What no one can provide, though, is any peace of mind right now. The oil this week has started to hit the grass in the outer marshlands. Meanwhile, there is the great unknown of the chemical dispersants that have been used to break up the oil.
"The medicine they're spraying on there, we don't know how bad it is," Collins said.
Shrimper Thomas Barrios chimed in: "Is our kids going to get cancer and all that? Is it going to make people sick?"
Martin Folse, owner of an independent TV station called HTV, in Houma, has toured the spill by helicopter and shown long stretches of unedited footage revealing the oil already touching some of the islands west of the Mississippi. As grave as the situation is, though, he casts no blame.

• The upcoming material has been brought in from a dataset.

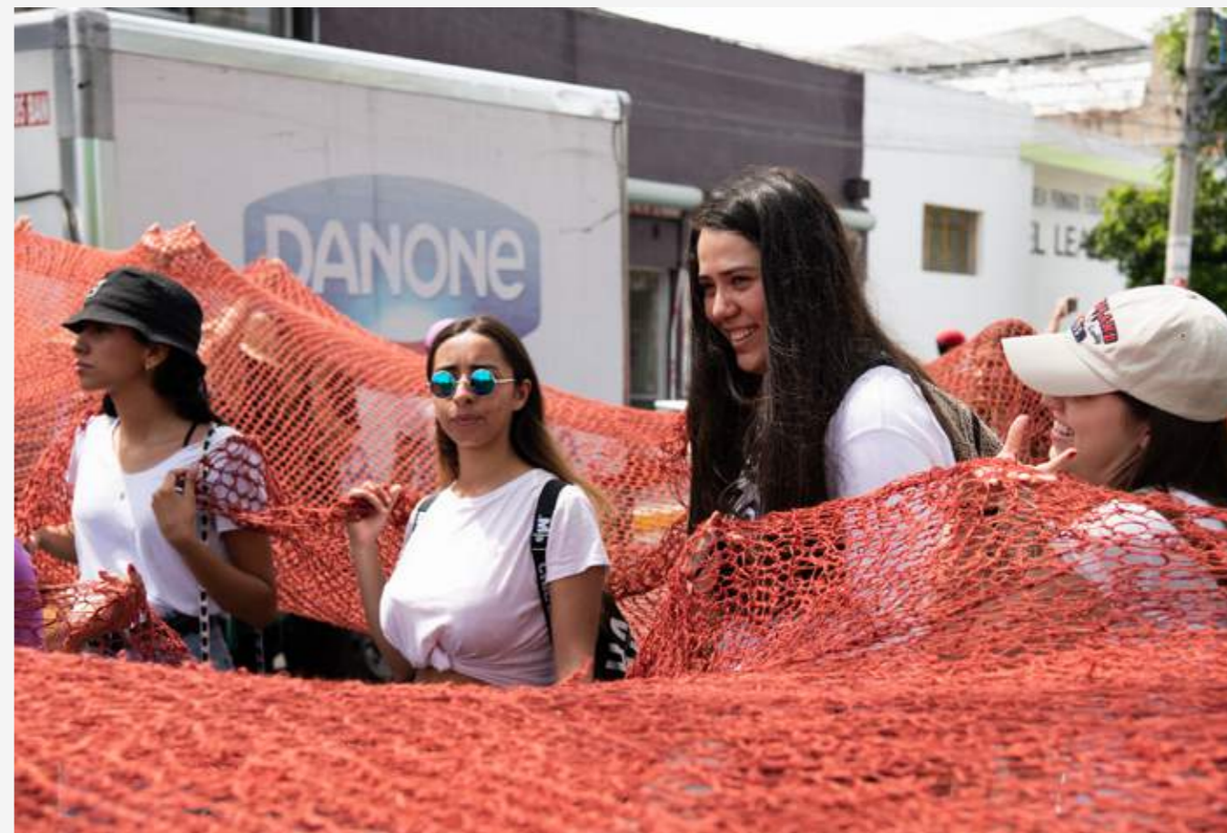
På väg med den virkade blodfläcken "Sangre de mi sangre" mot De försvunnas rondell med något hundratal deltagare. Dagen efter, internationella kvinnodagen 8 mars, genomfördes en av de största demonstrationerna någonsin i Jalisco. 35 000 kvinnor deltog. Temat var då till stor del feminicidios (hatbrottet kvinnomord) och desapariciones (de försvunna är dödade, om de alls återfinns).

– Det utvecklas och förändras hela tiden. Från början hette det grammatiskt korrekt Colectivo Hilos , inte den feminina formen Colectiva . Namnbytet skedde när det stod klart att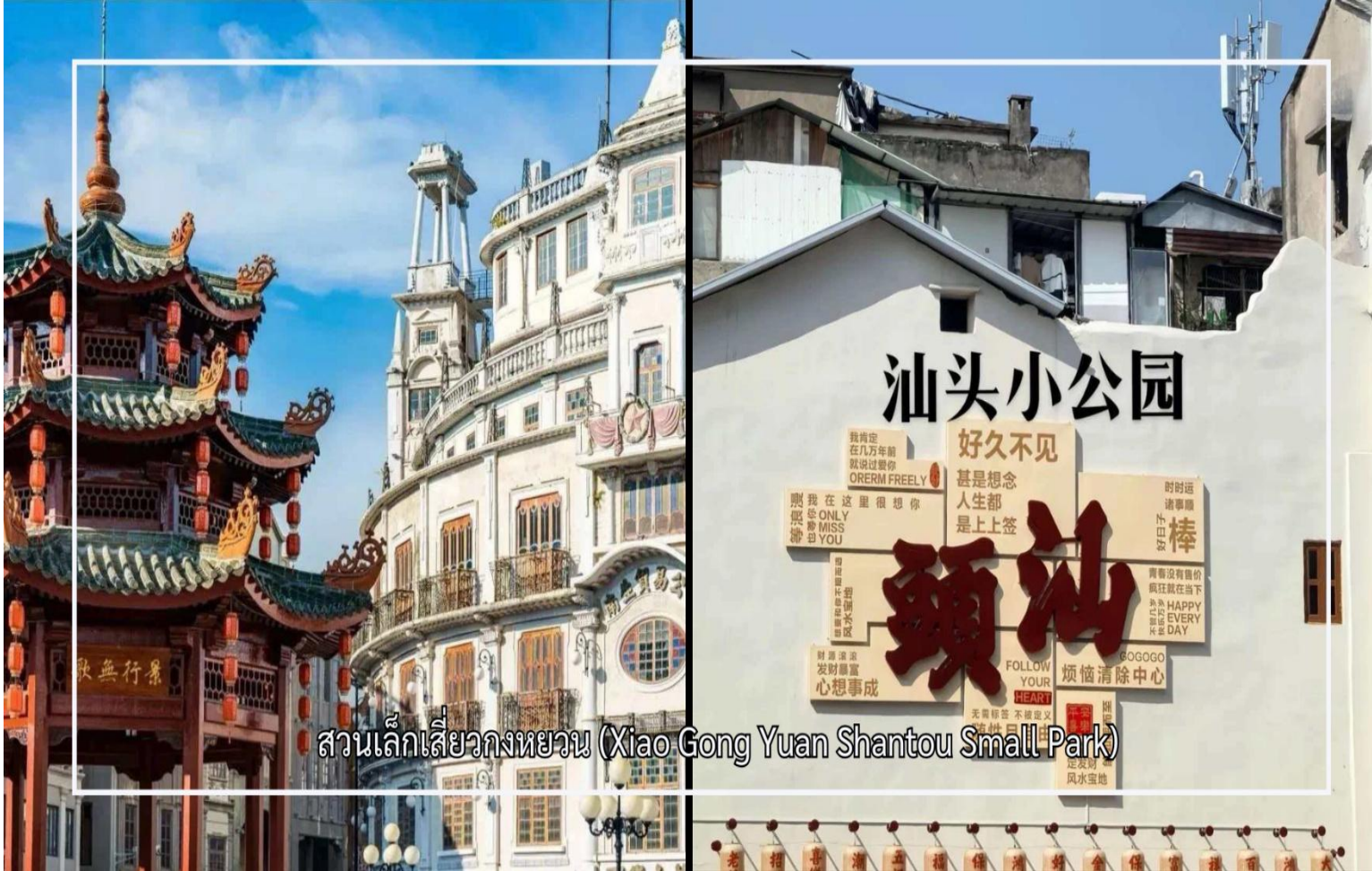
สวนเล็กเสี้ยววงหยวน (Xiao Gong Yuan Shantou Small Park)

จากนั้นนำท่านสักการะ พระราชวังแม่เต๋า หรือที่ชาวบ้านและนักเดินทางรู้จักกันในนาม ศาลเจ้าแม่ทับทิมไหตังมา (Hai Tan Ma Temple) เป็นศาสนสถานสำคัญที่สะท้อนถึงความศรัทธาอันยาวนานของชุมชนชาวจีนโพ้นทะเล ศาลเจ้าแห่งนี้อุทิศแด่เจ้าแม่ทับทิม เทพีผู้คุ้มครองการเดินทาง เรือ การค้า และความปลอดภัยในการเดินทาง โดยเฉพาะในหมู่พ่อค้าและชาวประมง ด้วยสถาปัตยกรรมจีนดั้งเดิมอันงดงาม รายละเอียดการตกแต่งที่ประณีต และบรรยากาศอันสงบศักดิ์สิทธิ์ วัดต้าเฟิง (Da Feng Gong Temple) ศาสนสถานศักดิ์สิทธิ์และเป็นที่เคารพนับถืออย่างสูงของชาวเมืองและผู้มีจิตศรัทธา วัดแห่งนี้มีความสำคัญทางประวัติศาสตร์และวัฒนธรรมมาอย่างยาวนาน ภายในวัดประดิษฐานสิ่งศักดิ์สิทธิ์ที่ผู้คนให้ความเคารพนับถือ พร้อมด้วยสถาปัตยกรรมจีนดั้งเดิมที่งดงาม

"I can't sit here and criticize oil because I live in an area that oil has built. But seafood has built it, too. It's two very powerful industries that has been affected at one time," Folse said. "It's like watching two brothers fight. You can't pick a side. You gotta work with both sides."
At an outdoor bait stand on the road along the bayou, Randy Borne Jr., 30, had been looking forward to making a little money in his second year in business. But the charter boat captains have had so many cancellations because the authorities have closed the federal waters to fishing. That means the captains aren't buying his bait. Life is tough at the bottom of the monetary food chain.
He was getting ready to go to the new claim center, but ran into a snag: No paperwork.
"The W-2 form, I sent it off for my food stamps," his wife, Casey, 22, told him.
"You sent off a copy," he said, hoping.
"No," she said.
Tension flared. Some panic. He stomped off.
She said to a reporter, "I'm scared that it will come."
The oil, she meant.
"Right now we're not making much as it is."
She and Randy retreated inside their home. Outside, deckhand Clerville Kief III, whose grandfather had founded the hardware store in Galliano, smoked a cigarette and pondered the calamity.
"You're never going to stop human error," he said. "We don't got nothing against the oil industry around here. We need petroleum products in order for us to operate."
Randy Borne eventually figured out a plan -- to show the BP people the trip tickets, the documentation of every time he's been out in the marsh catching shrimp.
The Bornes and Kief then climbed into a battered red pickup to race up the road to the claim center. Just before pulling away, Randy Borne jumped out of the truck and returned to shake the reporter's hand.
"Four or five nights I've had no sleep," he said, and apologized as if he had seemed rude.